Wednesday, August 10, 2011

Home Comings

8 years ago, a woman by the name of Katie Zanto created an alternative education program called Adventure, Risk, Challenge, or ARC. The program is a summer course that takes ten 9th/10th graders, who are classified as ELL into the woods for 40 days. During their time in the course, the students go on four separate expeditions into the wilderness. The first expedition is 8 days straight, and the last expedition is completely led and organized by the students. During their expeditions students are taught science, topography, cartography, leadership, wilderness survival, as well as intrapersonal skills. In between expeditions, students spend their days at base camp working on improving their reading and writing skills, as well as bettering their communication skills in order to live more effectively and peacefully in community.

About 2 weeks ago, as night was setting on Truckee, California, you could find me making my way down to the river banks to try to find a place to pitch my tent for the night. Just as I was pulling my tent from my pack, my phone rang. “Hey buddy, where you at?” It was my buddy Joe. For the last leg of my recent trip I decided to go up to visit Joe at his field site (he studies the social behavior of slave-making ants), which just so happens to be the same site used by ARC. 45 minutes after he called, he came and picked me up in front of the nearby 7/11, where I had already been labeled the new neighborhood homeless man. (For real. I had to turn down change from a guy walking into the market. Stop laughing.)

“You know, ARC is still going on. You should talk to some of the people there. I think they get back from their last expedition tomorrow or the day after.” 3 years ago, when I had first arrived back from my long trip in Africa, Joe had told me about ARC and had encouraged me to apply. Unfortunately, the director, Jen, told me that while I seemed a great fit for the program, I lacked a certain wilderness certificate to meet criteria. Unfortunately, at the time, I also lacked the money to pay for the course to receive it.

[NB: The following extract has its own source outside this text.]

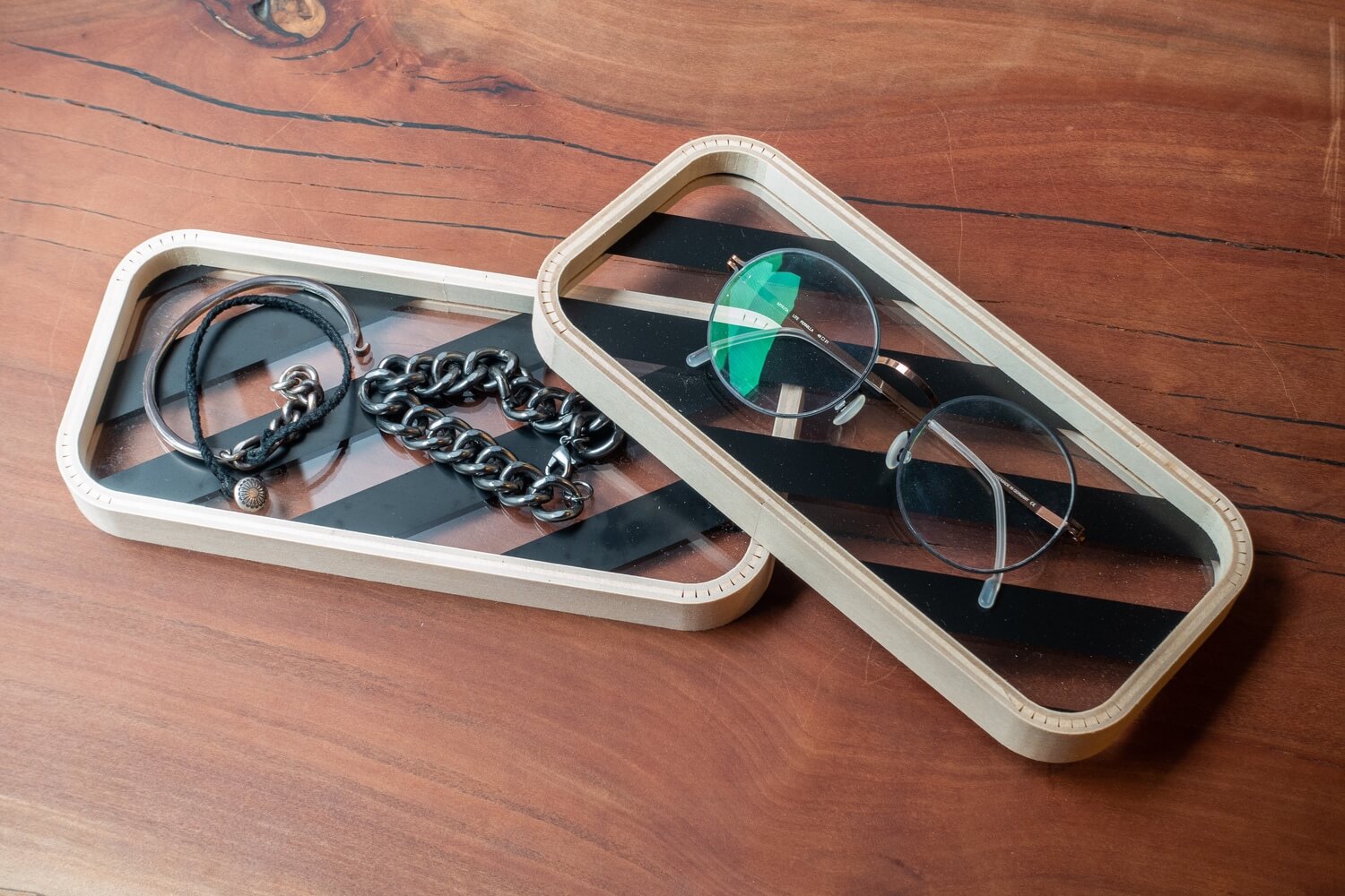 今回紹介するPEN TRAYがこちら。曲線的な木の枠に透明なアクリル板が組み合わさったトレーです。

2 days after arriving at Sagehen Creek with Joe, I woke up to the sound of kids running around and shouting back and forth outside my cabin. After having my breakfast I walked out on the deck of the large cabin, and tapped on the shoulder of the nearest counselor. “Excuse me, do you know Jen by any chance?” The counselor turned her head, her brown hair whipping over her shoulder, a crooked grin on her face, and said, “I’m Jen.”

For the last 6 days of this summer’s ARC program, I had the opportunity to work side by side with 10 amazing students and 5 incredible educators. Though my efforts were tiny in comparison to the counselors working for the full 40 days, I got the chance to coach Minnie, Emily, Angela, Aldana, Jaira, Oscar, Brandon, Zach, Gerardo, and Jose through writing very personal works, and then performing those before the local community. More than that, I got a chance to listen to them as they shared their stories with me over meals, during free time, and while we worked; stories of separation, stories of mourning, stories of immigration, stories of loss, stories of alienation in a culture and a world that doesn’t seem to accept them for what they are—stories of perseverance. I welled with pride as they recited their poems in front of 50 community members on Tuesday night; as they taught science lessons to local elementary school children on Thursday; and as they read their “transformational essays” in front of their families this Saturday morning. Their words, so much more confident than when they arrived 40 days prior (according to the other counselors), tried to do what words have always tried to do: explain, connect, convey. “I was….now I am,” said Aldana.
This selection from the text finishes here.